### Problem to work on
Look through the material below. Return exactly the lines from the one with "Pujada al penyal d'Honor" through the one with "Baixam pel mateix", both included.

### Available records

<<<<

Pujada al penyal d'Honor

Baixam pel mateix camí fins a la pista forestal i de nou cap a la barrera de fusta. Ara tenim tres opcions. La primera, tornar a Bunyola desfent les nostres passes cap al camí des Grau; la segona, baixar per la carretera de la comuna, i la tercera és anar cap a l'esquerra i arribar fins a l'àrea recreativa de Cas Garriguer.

>>>>
<<<<

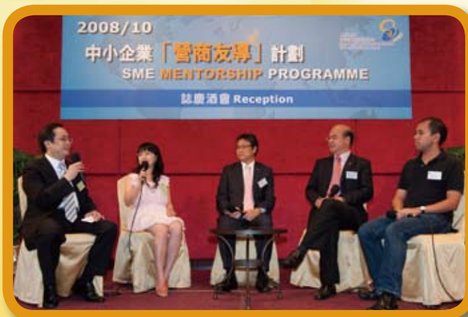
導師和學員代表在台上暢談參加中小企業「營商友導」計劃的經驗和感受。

>>>>
<<<<

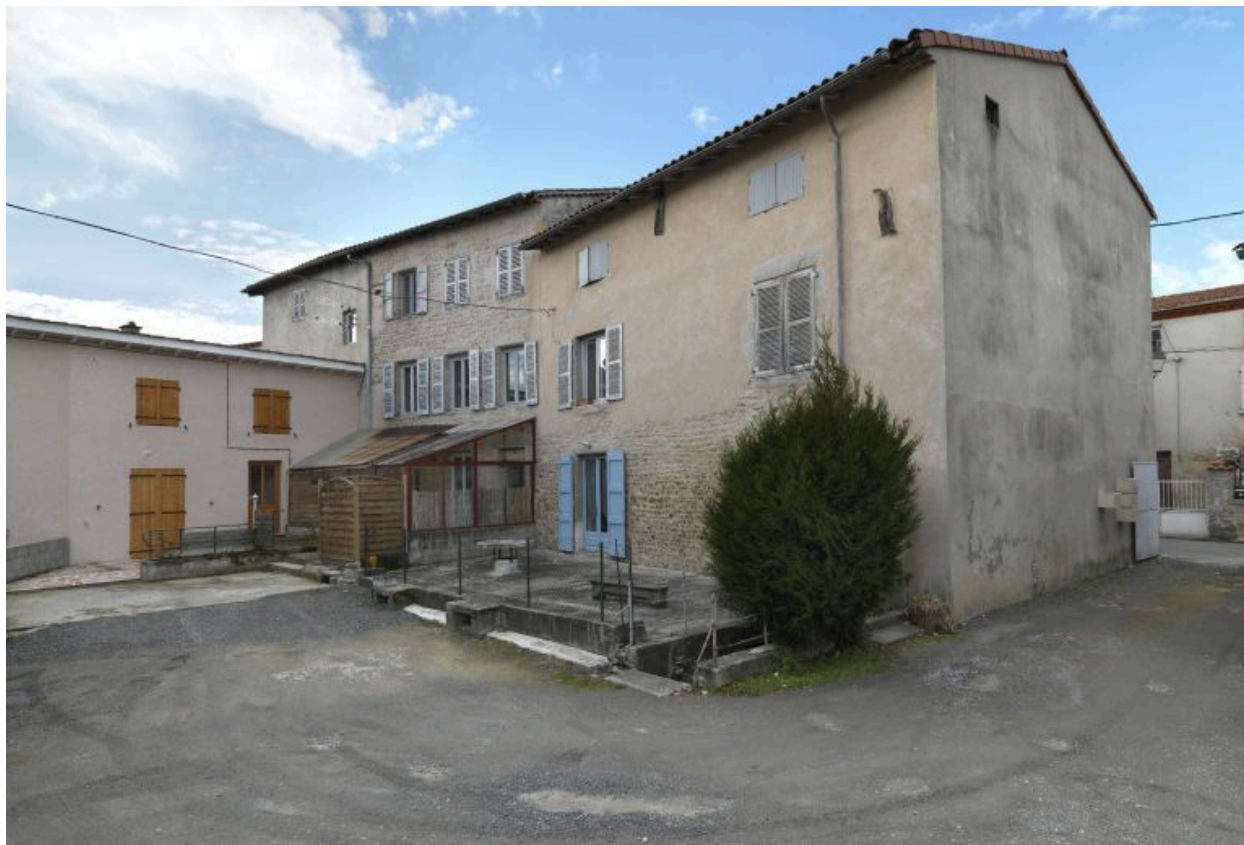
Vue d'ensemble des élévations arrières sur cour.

>>>>

### Solved exercise
Pujada al penyal d'Honor

Baixam pel mateix camí fins a la pista forestal i de nou cap a la barrera de fusta. Ara tenim tres opcions. La primera, tornar a Bunyola desfent les nostres passes cap al camí des Grau; la segona, baixar per la carretera de la comuna, i la tercera és anar cap a l'esquerra i arribar fins a l'àrea recreativa de Cas Garriguer.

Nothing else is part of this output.